Segment Start: Material for this task
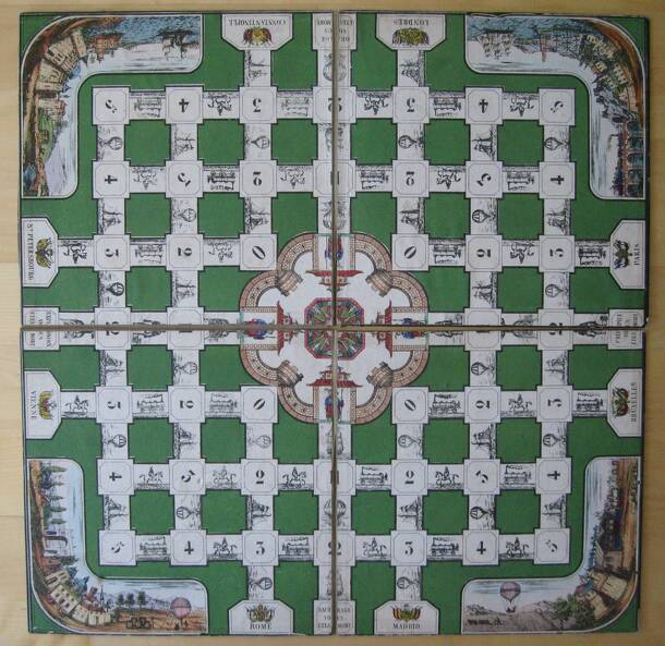 Players represent travelers, departing from one of eight European cities, on a race to be the first to reach Peking (or Beijing).
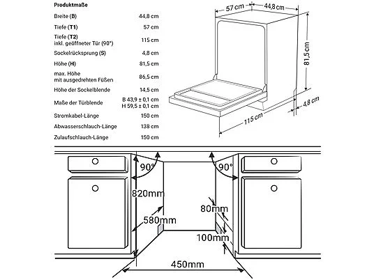KKT KOLBE Geschirrspüler Spülmaschine DW4505ED Geschirrspüler (teilintegrierbar, 45 cm breit, C)
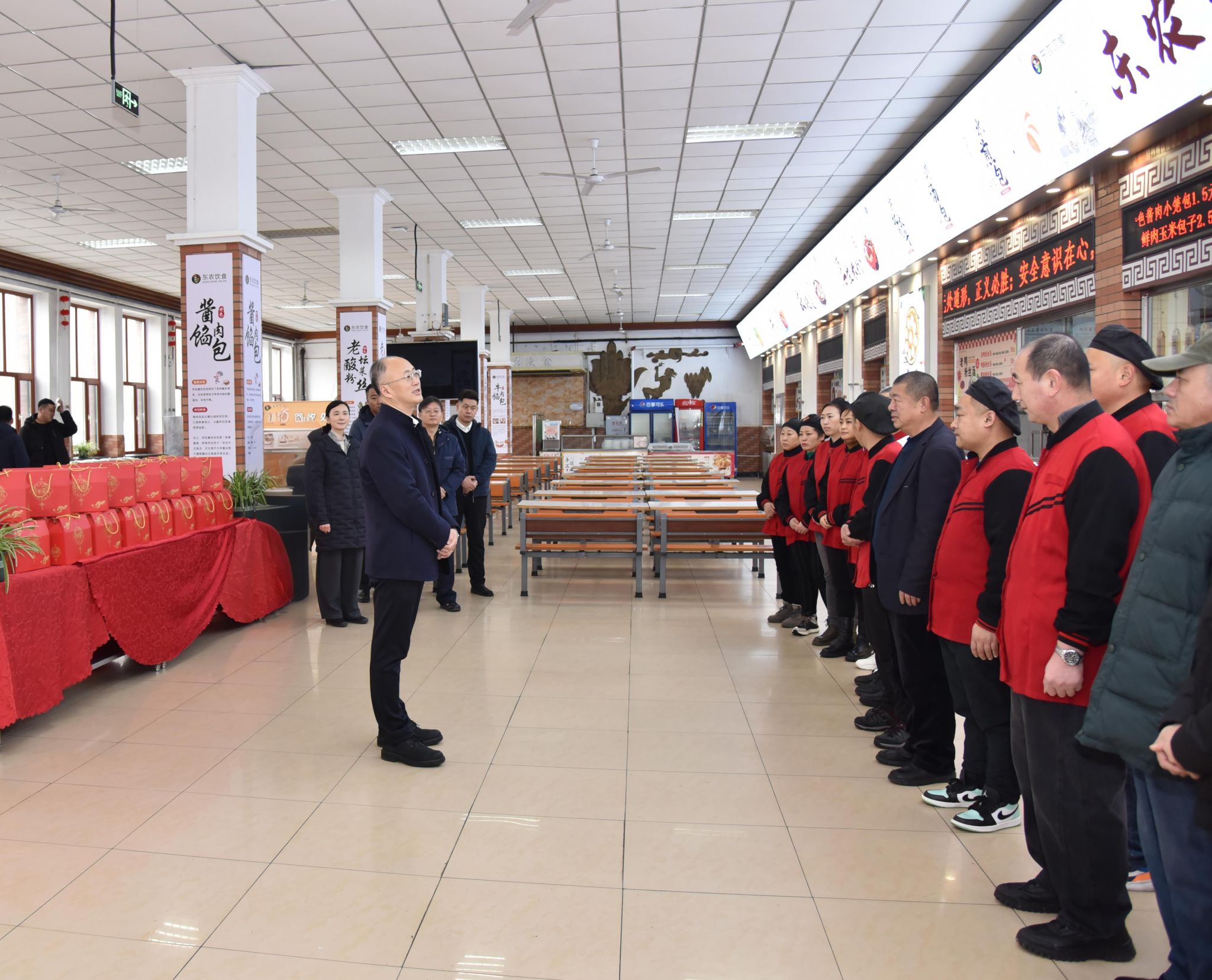 最后,校领导一行来到棘园餐厅。张灯结彩的餐厅里热气腾腾、香气四溢,餐饮工作人员笑容朴实、精神饱满。付强笑着说道:“大家都说东农是‘惯孩子的学校’,学校多年在软科中国大学生食堂满意度评选中位居榜首,这份优异成绩的取得,得益于全体后勤人心往一处想、劲往一处使,是大家爱校如家、当好主人翁的生动体现。年终岁尾来看望大伙儿,大家辛苦了,感谢大家用心守护留校师生的‘舌尖年味’!”
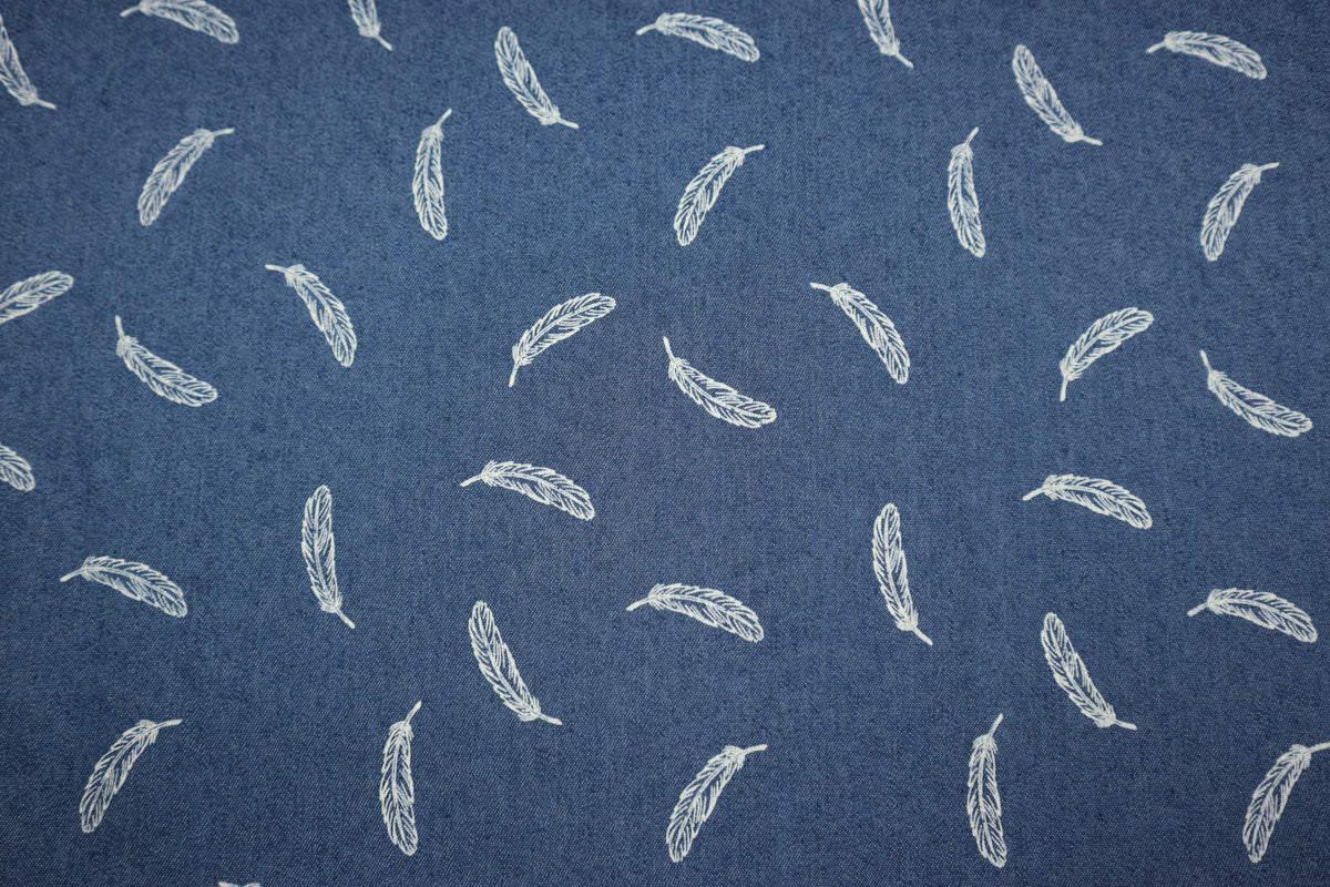 Leichter Denim Jeansstoff mit kleinen Federn.
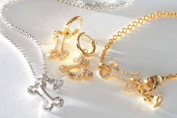 ヴィヴィアン・ウエストウッド レッドレーベルの新作は、ブランドのアイコンである「ORB(オーブ)」と骨を象った「BONE(ボーン)」がモチーフ。ゴールドまたはシルバーの地金にキラキラと輝くストーンをあしらって、華やかに仕上げたペンダント、ブレスレット、イヤリングがラインナップする。
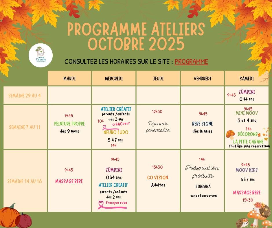 Retrouvez le programme du mois sur le site Internet de la Ptite Cabane
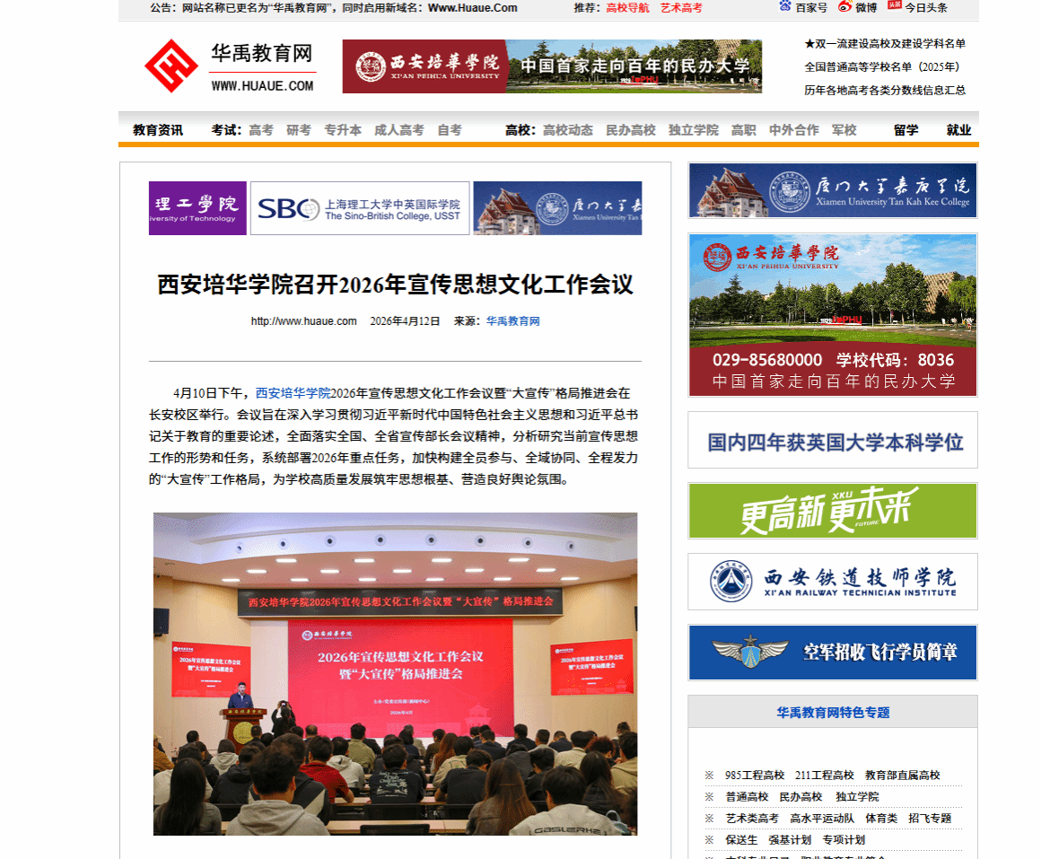 华禹教育网:西安培华学院召开2026年宣传思想文化工作会议
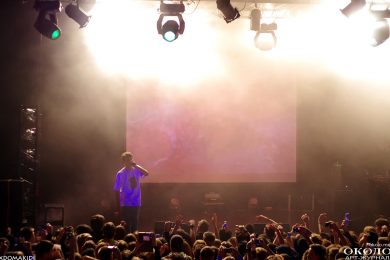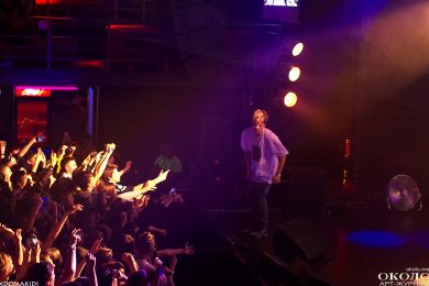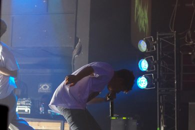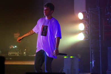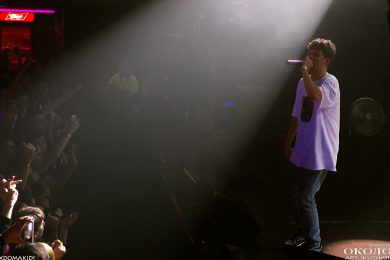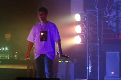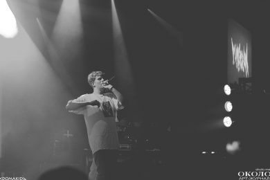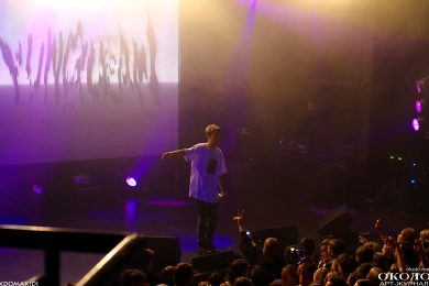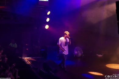 Появление на сцене Yung Lean’а сопровождается подачей добротных сгустков из дым-машины и невероятным количеством ослепительно белых зарниц, которые заряжают толпу как будто эпилептическими вспышками. Все дрожит и содрогается от буйного предвкушения первых звуков.
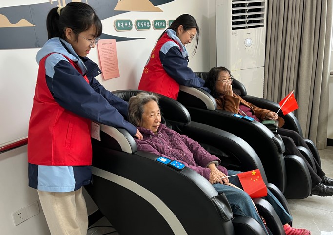 在日间照料中心工作人员的带领下,同学们首先参观社区日间照料中心的生活区、娱乐区,了解了日照中心的基本功能和设施。随后,学生志愿者们按照事先分配的任务各司其职,有的为老人们捏肩捶背,帮助老人们放松身体,有的拿起扫帚、抺布,为老人们打扫房间、床头柜等。有的与老人们一起聊天说笑,讲故事。每一位同学都格外认真与专注。
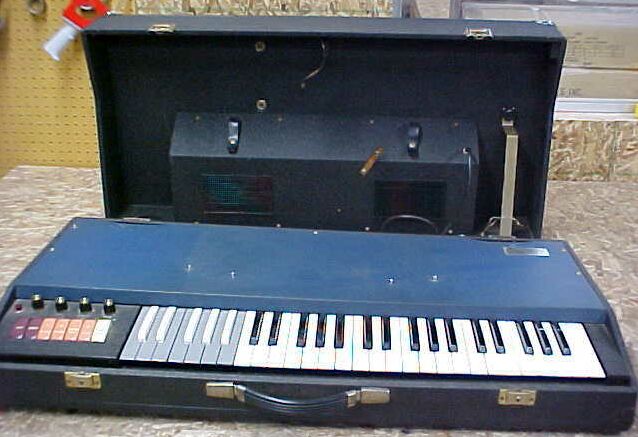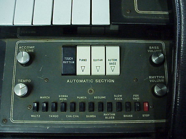 of them!. A veritable chromatic feast for the eyes! The 800 appears to be the top-of -the-line model, or nearly so, at least. Featuring several different Organ and Percussion voices in 6 diffferent footages, with percussion repeat and legato percussion, it also sports four Sustain voices, with short or long sustain. Even the lower keyboard has it's own complement of four flute footages plus a separate "Bass" voice. It also features an Arpeggio/Glissando strip under the lower manual - very much like that found on the Cordovox CDX-0642. Many thanks to K. Diesel of Hot Rod Moses for these pictures. |
Segment End: Material for this task
## What you will do
Copy the lines above exactly, starting at the one with "Retrouvez le programme" and ending at the one with "Появление на сцене", both included. Leave out any pictures and add nothing else.

## Exercise response
 Retrouvez le programme du mois sur le site Internet de la Ptite Cabane
 华禹教育网:西安培华学院召开2026年宣传思想文化工作会议
 Появление на сцене Yung Lean’а сопровождается подачей добротных сгустков из дым-машины и невероятным количеством ослепительно белых зарниц, которые заряжают толпу как будто эпилептическими вспышками. Все дрожит и содрогается от буйного предвкушения первых звуков.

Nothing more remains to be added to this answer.